With generated columns the challenge can be simply addressed. Let's create an example of analyzing data logs on a monthly basis, while having day granularity for the timestamped column.

First, create a log table with the new generated column month and put it into partitioned by clause

cr> create table logs(
      log string,
      created timestamp,
      month as date_trunc('month', created)
    ) partitioned by (month);
CREATE OK (... sec)

In the next step, we insert log records into the table.

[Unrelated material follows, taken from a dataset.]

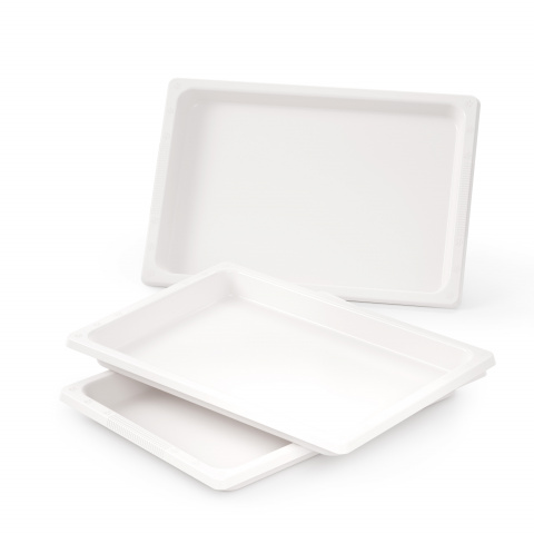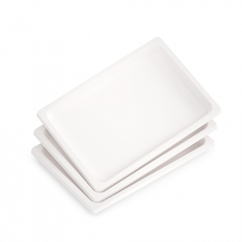Углубленные прямоугольные подносы очень удобны для заморозки пельменей, мантов, котлет, так как решают вопрос рационального размещения большого количества заготовок. Высокие бортики защищают продукты от случайного падения при выемке из морозильной камеры. На дне изделия имеются рельефные полосы, предотвращающие прилипание продуктов к подносу, после заморозки их легко снять с поверхности.

cr> insert into logs (log, created) values
      ('log_2015_01_01', '2015-01-01'),
      ('log_2015-01_02', '2015-01-02'),
      ('log_2015_02_01', '2015-02-01'),
      ('log_2015_02_02', '2015-02-02'),
      ('log_2015_03_01', '2015-03-01');
INSERT OK, 5 row affected (... sec)

We can see the table has been partitioned by the generated month column.

cr> select table_name, partition_ident, 'values'
      from information_schema.table_partitions
      WHERE table_name = 'logs';
+------------+--------------------------+--------------------------+
| table_name | partition_ident          | values                   |
+------------+--------------------------+--------------------------+
| log        | 04732d1i6kojce1g60o30c1g | {'month': 1425168000000} |
| log        | 04732d1i60o3ec1k60o30c1g | {'month': 1420070400000} |
| log        | 04732d1i68rj8e1o60o30c1g | {'month': 1422748800000} |
+------------+--------------------------+--------------------------+
SELECT 3 rows in set (... sec)

Looks good! Now we can analyze the log data on a monthly basis and utilize all the benefits of having a partitioned table. As you can see the combination of partitioned tables and generated columns provides a great tool in the Crate toolkit.

Query optimization on generated column partitions

The implementation of generated columns for the partitioned by clause has been optimized for special cases.

Selection on generated columns uses current optimization

Generated columns utilize the same optimization implemented for regular columns in a partitioned by clause. Thus filtering log records on the generated column month, which is part of the partitioned by clause, would result in effecting only the specific partition. This behavior is expected from regular columns under the same circumstances.

cr> select log,
      date_format('%Y-%m-%d', created) as created,
      date_format('%Y-%m-%d', month) as month
      from logs
      where month = '2015-01';
+----------------+------------+---------+
| log            | created    | month   |
+----------------+------------+---------+
| log_2015_01_01 | 2015-01-01 | 2015-01 |
| log_2015-01_02 | 2015-01-02 | 2015-01 |
+----------------+------------+---------+
SELECT 2 rows in set (... sec)

The execution of the given query only affects the 2015-01 partition.

Selection on a column which is part of a generated column/Query rewrite

The created column is used for generating the month column on which the table is partitioned. The optimization added allows querying the column used in the generation expression of the generated column and still hit only the partition where this value belongs. For example:

cr> select log,
      date_format('%Y-%m-%d', created) as created,
      date_format('%Y-%m', month) as month
      from logs
      where created = '2015-02-01';
+----------------+------------+---------+
| log            | created    | month   |
+----------------+------------+---------+
| log_2015_02_01 | 2015-02-01 | 2015-02 |
+----------------+------------+---------+
SELECT 1 row in set (... sec)

The only partition affected by this query is 2015-02.

Calculated columns

Generated columns are computed internally upon INSERT and UPDATE. A great application of generated columns is the computation of the columns values on the fly.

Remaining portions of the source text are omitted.